Pre-Amplifier Circuit

The pre-amplifier circuit has 2 solid tantalum capacitors (C501, C551) installed in the input signal path, 2 low leakage e-caps (C502, C552) installed in the feedback loop, 2 low leakage e-caps (C508 C558) installed in the output signal path, one aluminum electrolytic capacitor C810 installed in the bias loop, and 2 filtering aluminum e-caps (C811, C812).

The original solid tantalum and two low leakage capacitors (C502, C552) were replaced with modern low leakage Nichicon UKL caps.

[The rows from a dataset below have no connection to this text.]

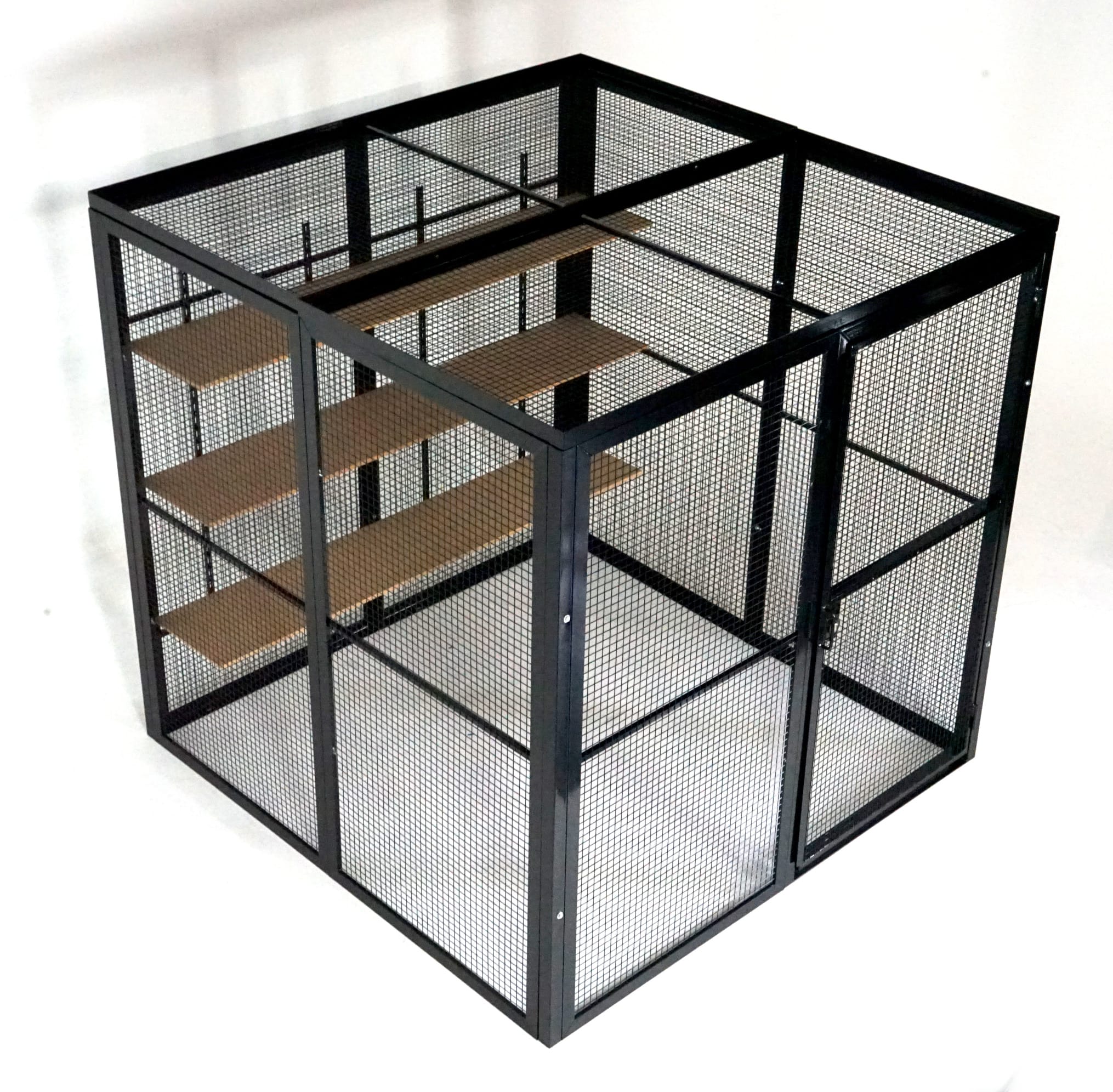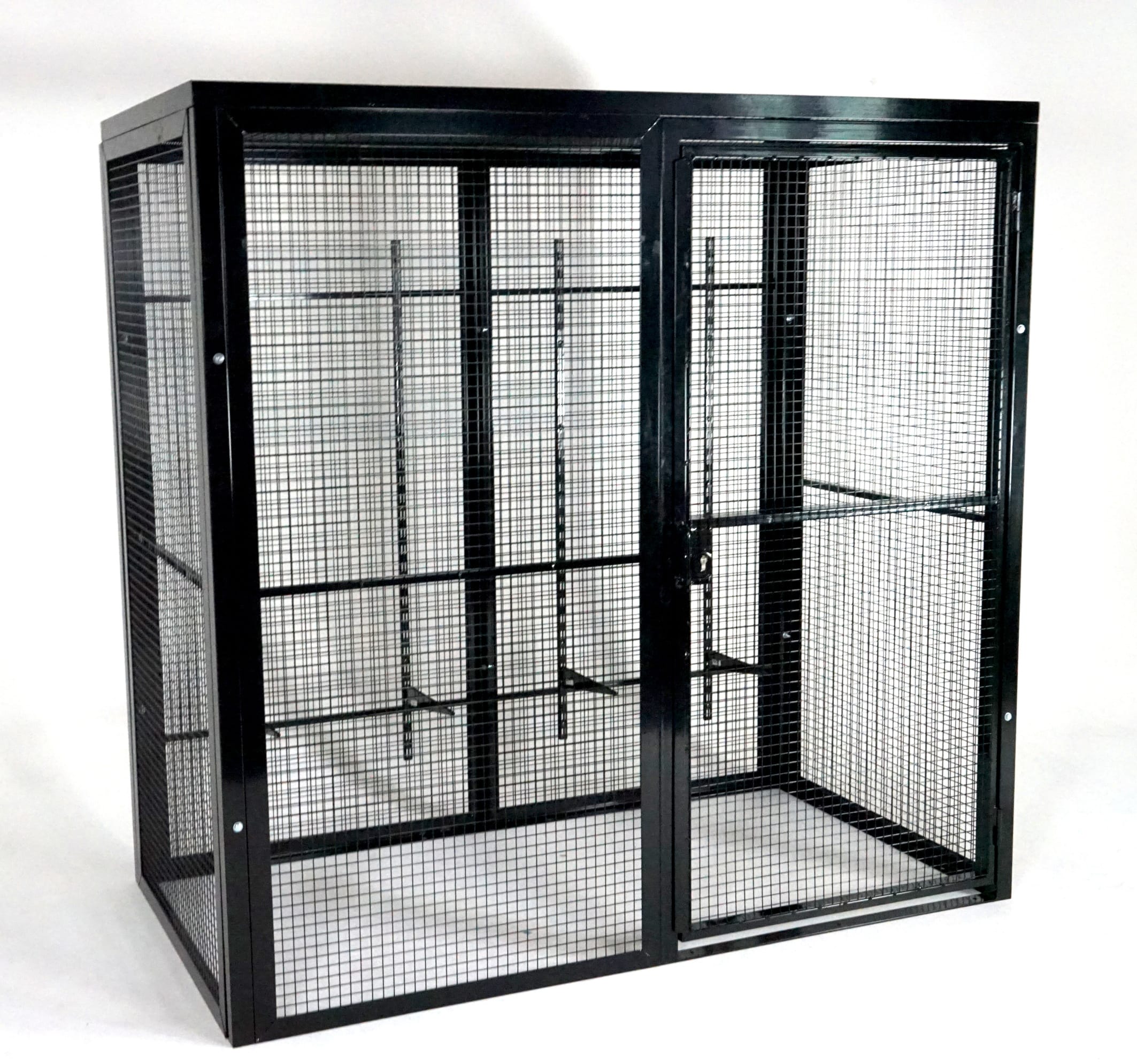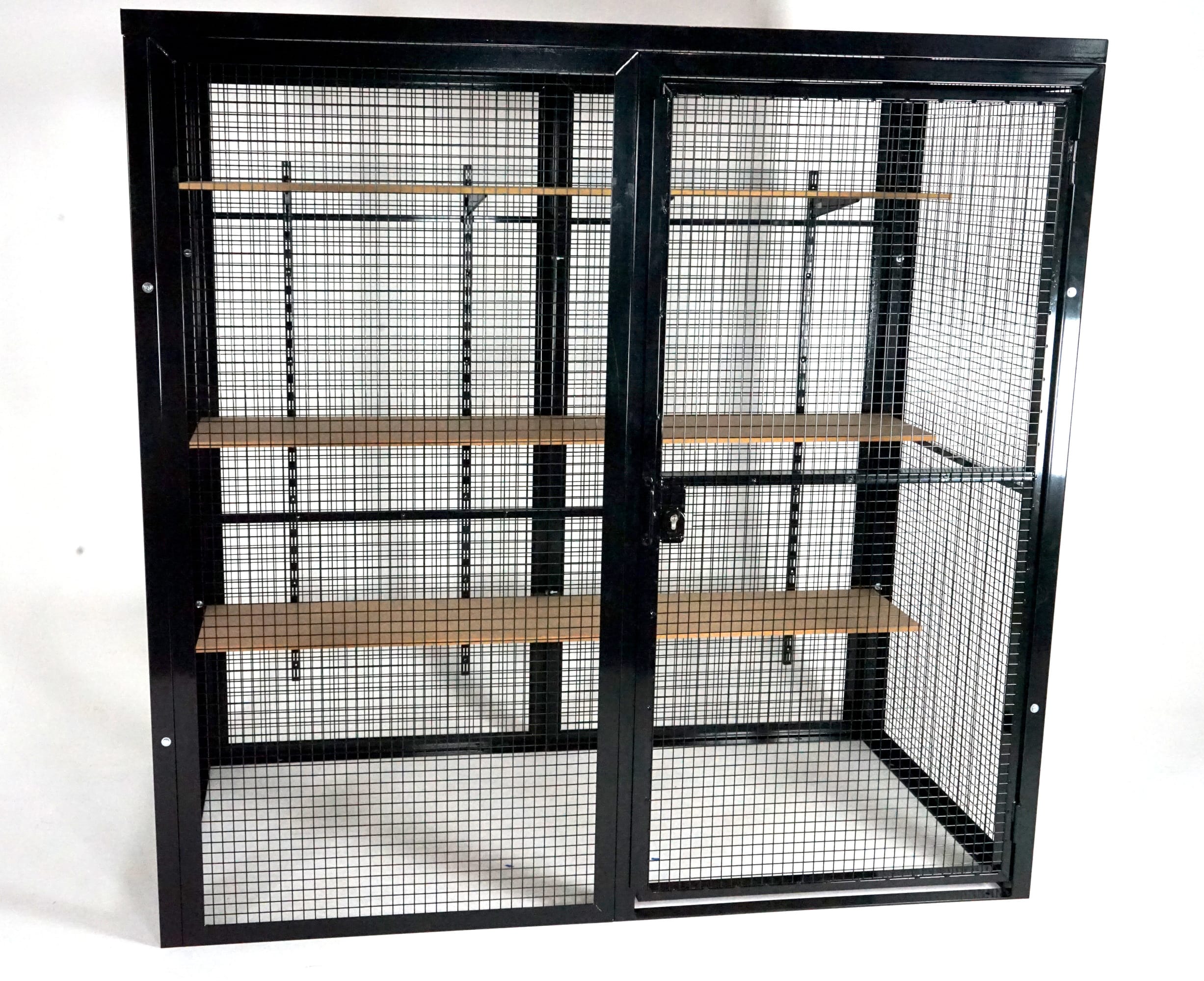All cage panels are Steel Angle Section with inset square mesh for high visibility and floor fixing points for additional security.
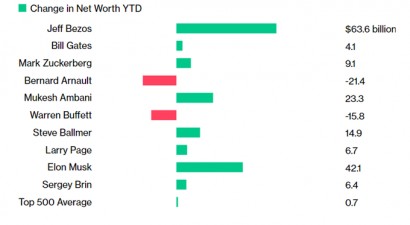 Trong số 10 người giàu nhất, chỉ có 2 người giảm tài sản là ông trùm hàng xa xỉ Bernard Arnault và Chủ tịch Berkshire Hathaway Warren Buffett. Và trong khi giới công nghệ giàu thêm, hơn 200 trong số 500 tỷ phú được Bloomberg theo dõi đã mất tiền trong năm nay.
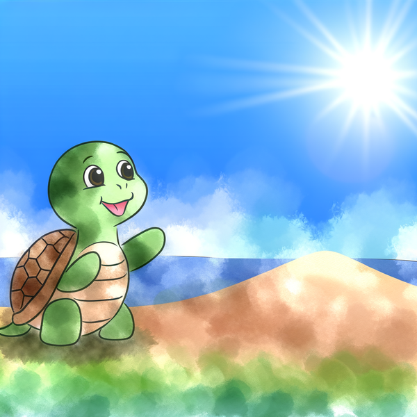 Tommy the tiny turtle tried really hard and finally reached the top of the big, sandy hill.
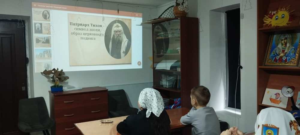 Воспитанники познакомились с жизнью и деятельностью святителя Тихона, с тяжелым периодом лихолетья в условиях захлестнувших Россию революции, Пражданской войны и всеобщей разрухи, выпавшим на периодом его правления..
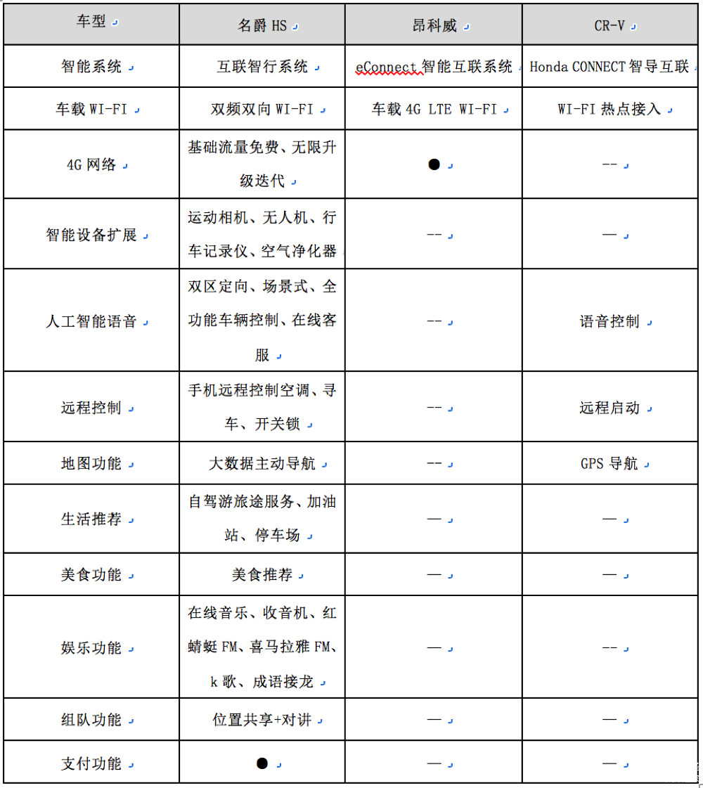 名爵HS在嗅觉上就配备了以往高端豪车上专享的蒙氏香氛系统,由顶级国际香水大牌定制香氛。它的Dream Air座舱空气管理系统,独具匠心地把独立空气净化器与香氛系统合二为一,3分钟净化全车空气后,释放愉悦香氛,多种调型的香氛随心选择,让车舱随时随地充满荷尔蒙的味道,激活驾控激情。值得一提的是,名爵HS还依照全球标准制造,特别是严格按照欧洲环保选择材料,让用户的每一次呼吸都是健康的、绿色的。可以说,超懂年轻人的名爵HS,以极致的感官体验满足并刷新了年轻消费者的驾乘新需求。昂科威和本田CR-V则没有配备香氛系统,驾车出行的幸福指数相对来说就略低了。
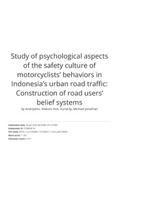 Andrijanto, Andrijanto and Itoh, Makoto and Sunardy, Sunardy and Jonathan, Michael (2025) Study of psychological aspects of the safety culture of motorcyclists’ behaviors in Indonesia’s urban road traffic: Construction of road users’ belief systems. IATSS Research, 49. pp. 137-154.
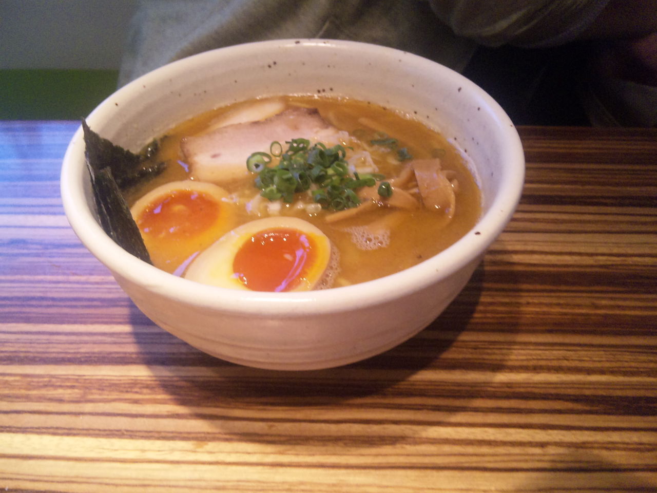 ここは、南光台にある麺屋とがしの系列店だが、とがしと違って、カウンターだけではなく、テーブル席もある。で、この店に入るのに躊躇した理由がもう一つあり、前に麺屋とがしに行ったとき、やたら出てくるのが遅かったから。しかし・・・その心配は杞憂。10分もたたないうちに出てきた。

The other two low leakage e-caps installed in the output signal path were replaced with high-quality film polyester WIMA caps. The original e-cap C810 was also replaced with a film polyester WIMA cap. The remaining filtering capacitors are replaced with low impedance Nichicon UPW capacitors.

Test results on original capacitors removed from the pre-amplifier circuit:

C501: rated capacitance – 3.3uF, measured – 3.5uF, ESR – 0.92Ω, deviation: +6%

C551: rated capacitance – 3.3uF, measured – 3.6uF, ESR – 0.94Ω, deviation: +9%

C502: rated capacitance – 33uF, measured – 37uF, ESR – 1.12Ω, deviation: +12%

C552: rated capacitance – 33uF, measured – 35uF, ESR – 1.27Ω, deviation: +6%

C508: rated capacitance – 0.47uF, measured – 0.46uF, ESR – N/A, deviation: -2%

C558: rated capacitance – 0.47uF, measured – 0.51uF, ESR – N/A, deviation: +9%

C810: rated capacitance – 0.47uF, measured – 0.49uF, ESR – N/A, deviation: +4%

C811: rated capacitance – 220uF, measured – 222uF, ESR – 0.32Ω, deviation: +1%

C812: rated capacitance – 220uF, measured – 235uF, ESR – 0.26Ω, deviation: +7%

Flat Amplifier Circuit

The flat amplifier circuit has 2 solid tantalum capacitors (C603, C653) installed in the input signal path, 4 aluminum electrolytic capacitors (C604, C654, C608, C658) installed in the input signal path, 6 aluminum e-caps (C613, C663, C618, C668, C619, C669) installed in the output signal path, 2 aluminum e-caps (C609, C659) installed in the feedback loop, one aluminum electrolytic capacitor C813 installed in the bias loop, and 2 filtering aluminum e-caps (C814, C815).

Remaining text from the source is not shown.